Unhappy with frontline production, D.C. United on Thursday acquired Colombian forward Lionard Pajoy from the Philadelphia Union for midfielder Danny Cruz. United also received an international roster spot, which was needed to accommodate Pajoy’s acquisition.
Pajoy, 31, has five goals and two assists in 20 appearances during his first season in MLS. He joins a striker corps with significant issues: Maicon Santos (seven goals) is out with a toe injury, Hamdi Salihi has not met expectations after signing a major contract in preseason, and newly acquired Long Tan hasn’t scored in three appearances since arriving from Vancouver.

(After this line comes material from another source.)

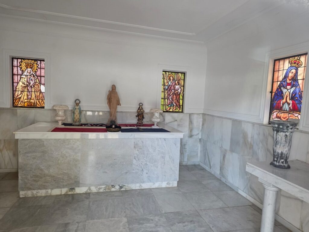 Tras la puerta metálica, el interior del mausoleo sorprende por su austeridad religiosa. Una pequeña capilla revestida en mármol blanco alberga un altar sencillo. Sobre él reposan imágenes religiosas: figuras de la Virgen, de Cristo, de santos, colocadas con cuidado, como si se tratara de un espacio de oración íntima más que de una tumba asociada a uno de los regímenes más represivos y sangrientos en la historia del Caribe.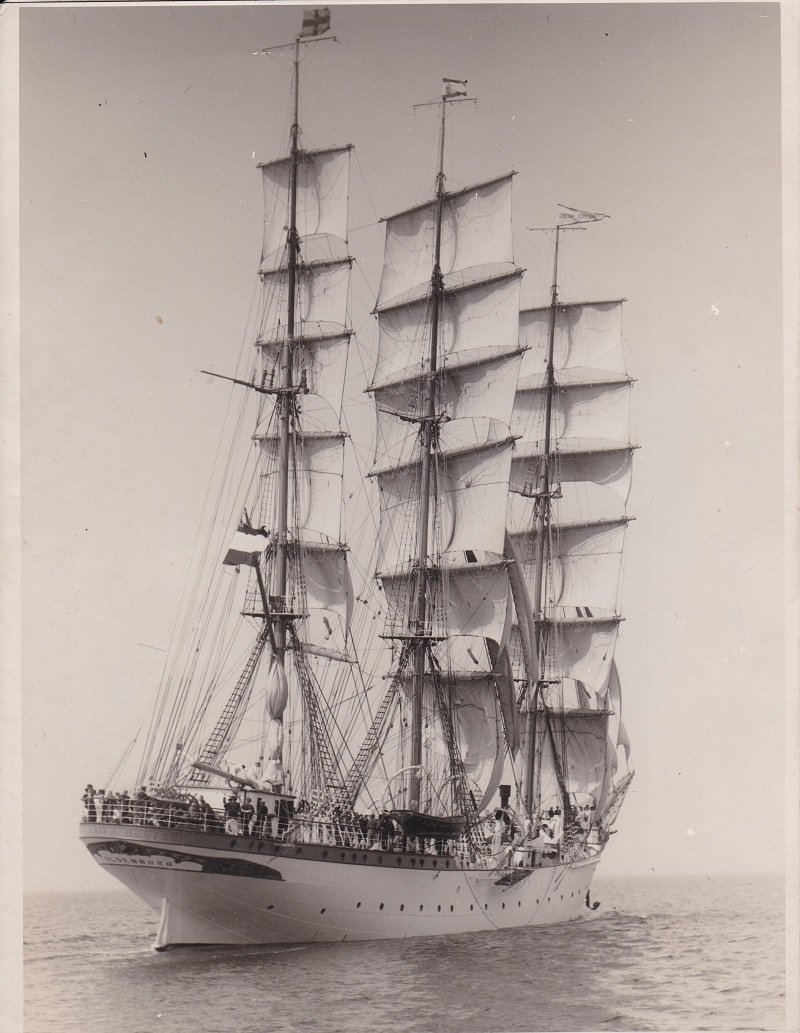 Original-Photographie der "Schulschiff Deutschland". Beschriftung auf der Rückseite: Schulschiff Deutschland Reserve / Pfingsten 1932 / Travemünder-Ferienzeit. Der Herausgeber war wohl der Deutsche Schulschiff-Verein.

“Right now, Pajoy fits pretty high” on United’s depth chart, Coach Ben Olsen said. Presumably, Pajoy would partner with withdrawn forward Dwayne De Rosario, who is tied for second in MLS in assists with 10 and has scored five times. The 2011 league MVP missed his first game of the season last week because of a shoulder injury but is expected to return to the lineup this weekend.
“They’ve all done fine,” Olsen said of Santos, Salihi and Tan, “but we needed to add another option and another piece up top. Pajoy complements a lot of our guys.”
Pajoy is scheduled to join the club Friday and might end up starting Sunday, when United (11-8-3) faces the Union (7-12-2) at RFK Stadium.
The trade was the second in eight days by United, which acquired defender Mike Chabala from the Portland Timbers for a supplemental draft pick.
United has lost four of six matches and slipped to fifth place in the Eastern Conference. The top five will earn playoff berths, and having played fewer games than all but one of the other contenders, D.C. is in good position to end a four-year playoff drought.
However, United was once among the league’s top-scoring teams but has just two goals in the past four regular season matches: by Chris Pontius, who is most effective on the left side of midfield, and wide midfielder Nick DeLeon.
To acquire the 6-foot-1 Pajoy, United relinquished Cruz, a personable character who brought energy and grit to the midfield since joining the club from the Houston Dynamo last winter. Cruz, 22, won a starting job early this season, but in recent weeks, his playing time diminished. He didn’t enter either of back-to-back matches against the Columbus Crew and played just 10 minutes during last Saturday’s 2-1 loss at Sporting Kansas City.
Cruz said last week that he was becoming increasingly frustrated with his role. On Thursday, after being told about the trade before practice, he said: “I wasn’t playing much, I was obviously unhappy, but I didn’t ask for a trade. When they called me in this morning, I didn’t expect it.”
Cruz added: “I am thankful to D.C. United — there’s no ill-will.”
Olsen said Cruz became expendable because United has a “luxury of riches” at the wide midfield positions. Pontius is United’s leading scorer with 10 goals, DeLeon (four goals, three assists) is enjoying a quality rookie season, Andy Najar has rejoined the club after Olympic duty with Honduras and English veteran Lewis Neal has provided support on the left side.
That said, “It’s hard trading a guy like Danny,” Olsen said. “I like Danny, and he has had a real impact on the team and the community” in terms of fan outreach.
Asked if Cruz’s frustration was spilling over in the locker room, Olsen said: “I don’t think it affected the group that much. Who’s happy when they’re not playing? He’s an emotional kid but it was never a detriment.”
The exchange will impact United’s payroll. Cruz’s base salary was $100,000, while Pajoy earns $180,000 annually.
Pajoy has scored 47 goals in 215 appearances since beginning his career with Colombian club Cortulua in 2004. He also played in his homeland for Atletico Huila in 2005, Boyaca Chico in 2006, Deportivo Cucuta from 2007 to ’09, Deportivo Cali in 2010, and Millonarios in 2010 before a loan to Itagui Ditaires last year.
“We felt that we needed to add another piece up top and the opportunity to get Lionard Pajoy was one that we could not pass up,” General Manager Dave Kasper said in a written statement. “We’re excited to integrate him into our side immediately.”